I'm looking for a way to make the best possible combination of people in groups. Let me sketch the situation.
Say we have persons A, B, C and D. Furthermore we have groups 1, 2, 3, 4 and 5. Both are examples and can be less or more. Each person gives a rating to each other person. So for example A rates B a 3, C a 2, and so on. Each person also rates each group. (Say ratings are 0-5). Now I need some sort of algorithm to distribute these people evenly over the groups while keeping them as happy as possible (as in: They should be in a highrated group, with highrated people). Now I know it's not possible for the people to be in the best group (the one they rated a 5) but I need them to be in the best possible solution for the entire group.
I think this is a difficult question, and I would be happy if someone could direct me to some more information about this types of problems, or help me with the algo I'm looking for.
Thanks!
EDIT:
I see a lot of great answers but this problem is too great for me too solve correctly. However, the answers posted so far give me a great starting point too look further into the subject. Thanks a lot already!
after establishing this is NP-Hard problem, I would suggest as a heuristical solution: Artificial Intelligence tools.
A possible approach is steepest ascent hill climbing [SAHC]
first, we will define our utility function (let it be u).

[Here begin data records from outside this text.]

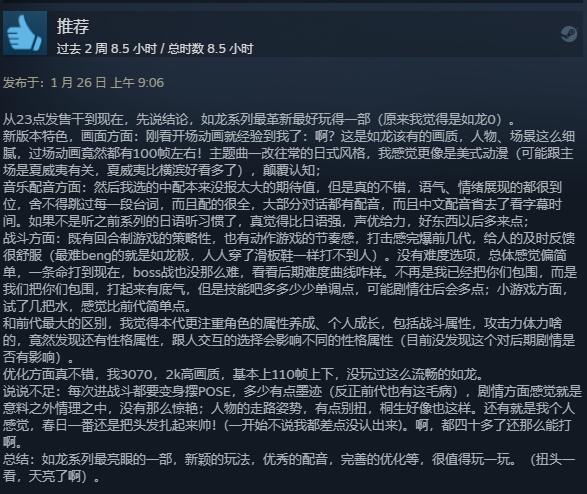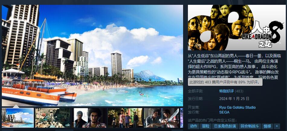 《人中之龙8》Steam上获“特别好评”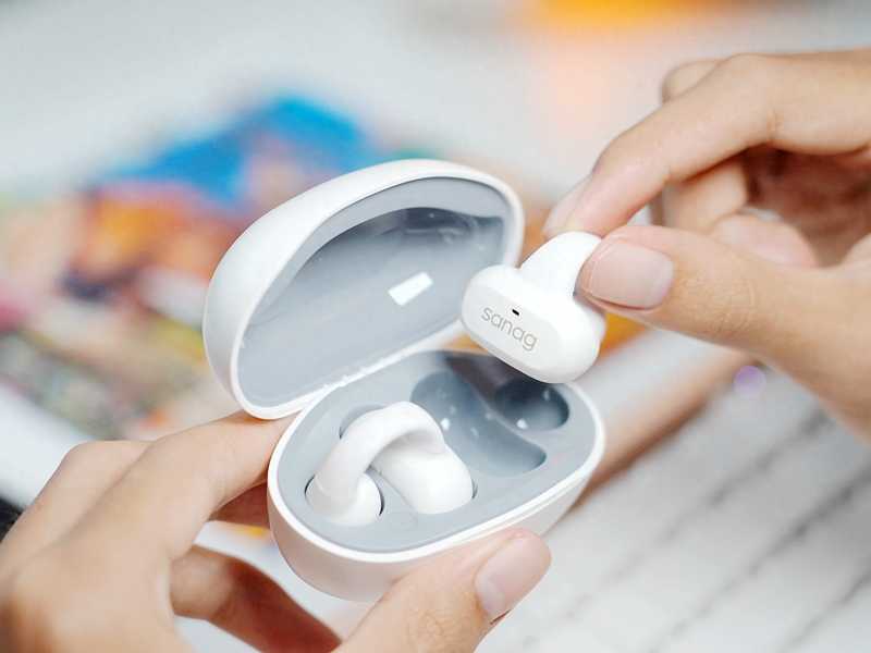 从造型来看,sanag塞那Z50 AI Max与常见的TWS耳机没有多大的差别,但它的佩戴方式和出声方式却有着大不同。常见的TWS耳机大多采用侧导入耳、半耳设计,固然能够带来不俗的物理降噪效果,可在使用一段时间后很容易出现耳道闷热、出汗感,耳朵老感觉湿哒哒地非常不舒服。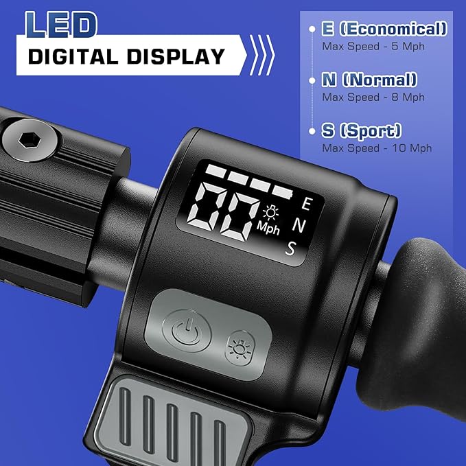 - 【🛴New Generation LED Display】The kids electric scooter E35 is equipped with an LED display that clearly shows riding speed mode, real-time speed, and battery level. 3 speed modes: 5 MPH for beginners and 8 MPH/10 MPH for advanced players (varies depending on usage and environment). This electric scooter for kids ages 8-12 ensures a smooth and controlled ride.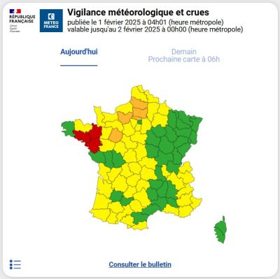 பெப்ரவரி 1 ஆம் திகதி, இன்று சனிக்கிழமை நாட்டின் பல பகுதிகளில் சீரற்ற காலநிலை நிலவும் என வானிலை அவதானிப்பு மையம் எச்சரித்துள்ளது. குறிப்பாக மூன்று மாவட்டங்களுக்கு ‘சிவப்பு எச்சரிக்கை; (Vigilance rouge) விடுக்கப்பட்டுள்ளது.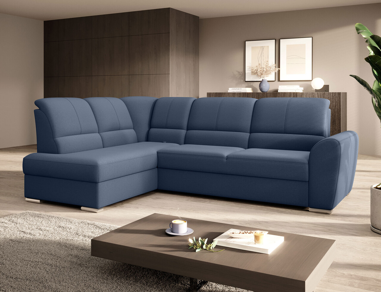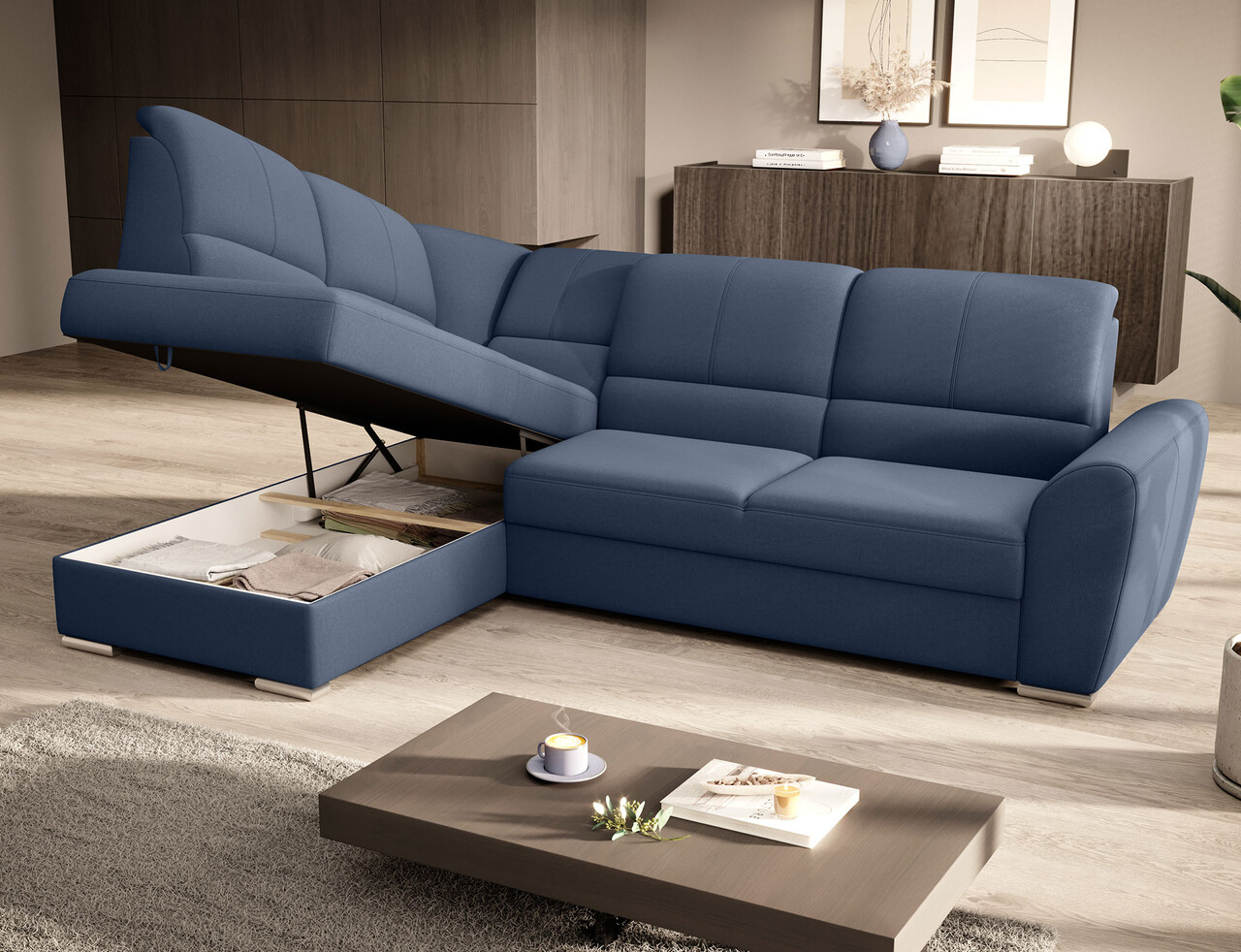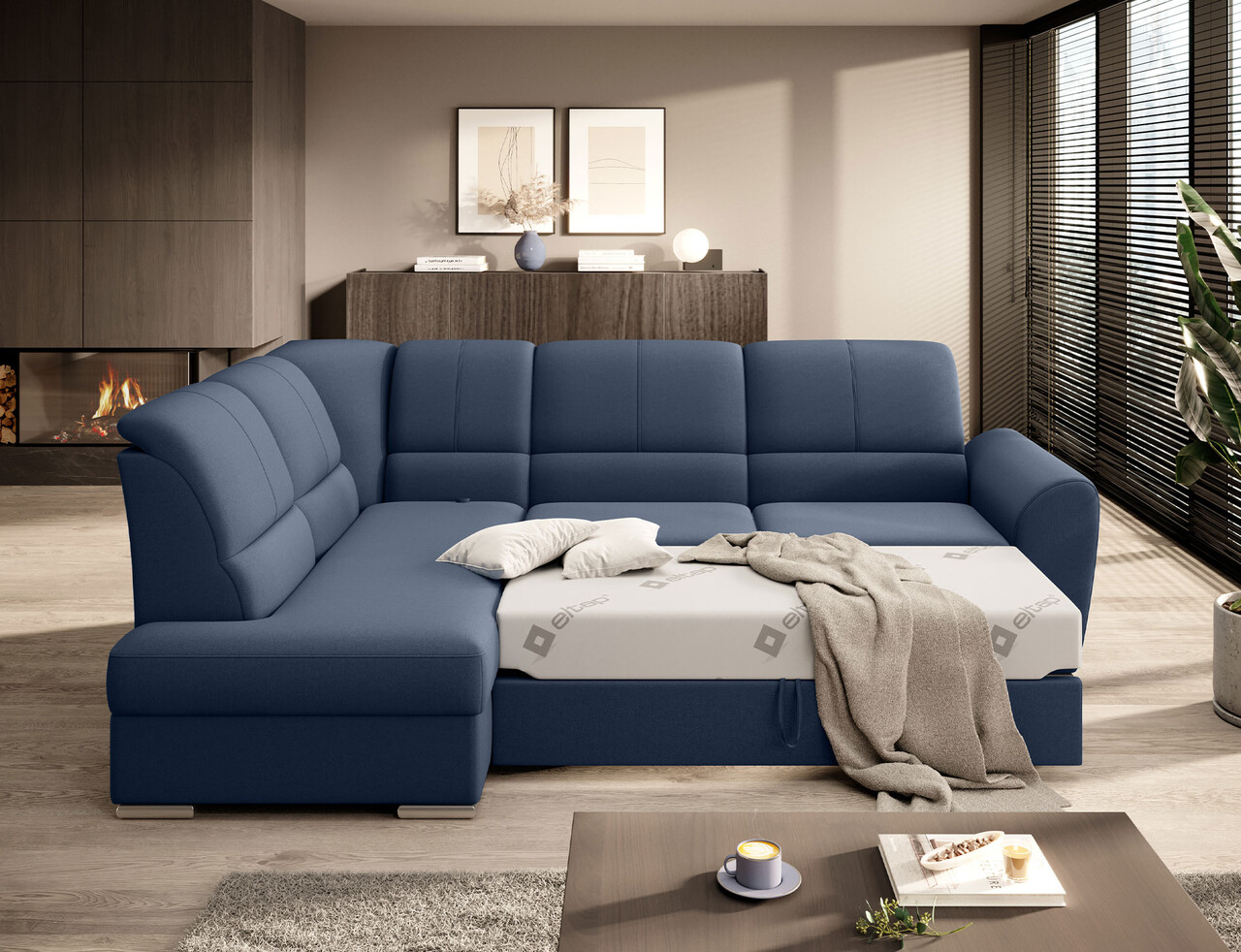 Coltar extensibil stanga 3 locuri ELTAP, LT-40GO, Siber, 270x186x93 cm, lemn/poliester, albastru inchis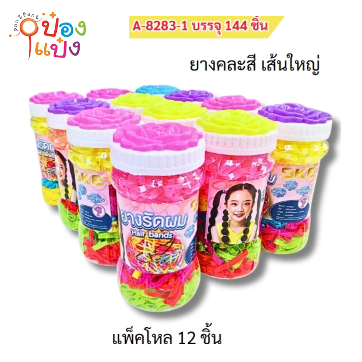 512. (B461-S8283-1) ยางรัดผมเส้นใหญ่สี กระปุกโหลเว้าข้างฝาชบา 1*144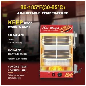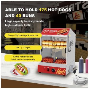 Máquina de Vapor para Cachorro-Quente de 2 Andares 40L com Aquecedor de Pães Temperatura Ajustável Porta de Vidro Deslizante Nessxa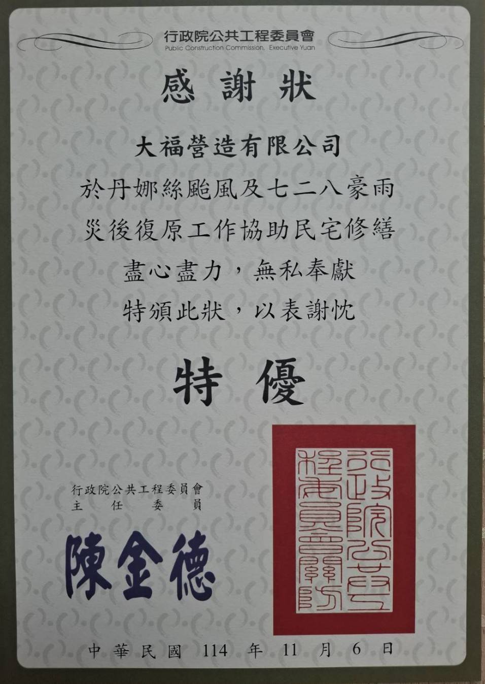 其中,由愛台灣獅子會與大福營造公司共同組成的「丹娜絲風災重建團隊」,協助受災戶以成本價完成40戶屋頂重建工程,表現卓越,榮獲全國第六名「特優團隊」殊榮。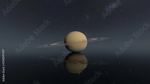 © Julia, Fototapeta premium A stock image of a fantastical scene with Saturn, its moons, other planets, and Saturn's rings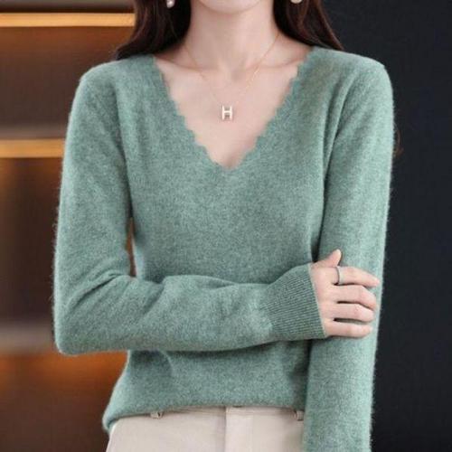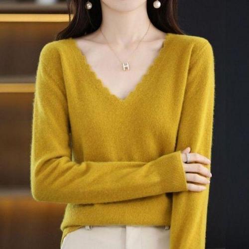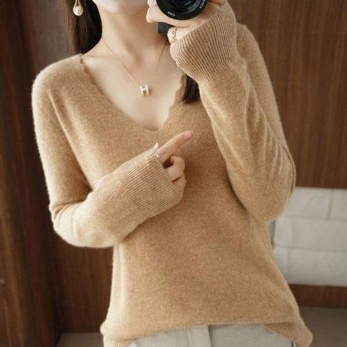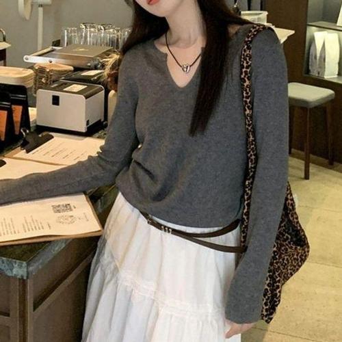 [기타브랜드]여성 브이넥 니트 봄가을 기본 스웨터 데일리 상의 티셔츠

It can be the sum of total happiness in all groups.
next,we define our 'world': S is the group of all possible partitions.
for each legal partition s of S, we define:
next(s)={all possibilities moving one person to a different group}
all we have to do now is run SAHC with random restarts:
1. best<- -INFINITY
2. while there is more time
3. choose a random partition as starting point, denote it as s.
4. NEXT <- next(s)
5. if max{ U(NEXT) } < u(s): //s is the top of the hill
5.1. if u(s) > best: best <- u(s) //if s is better then the previous result - store it.
5.2. go to 2. //restart the hill climbing from a different random point.
6. else:
6.1. s <- max{ NEXT }
6.2. goto 4.
7. return best //when out of time, return the best solution found so far.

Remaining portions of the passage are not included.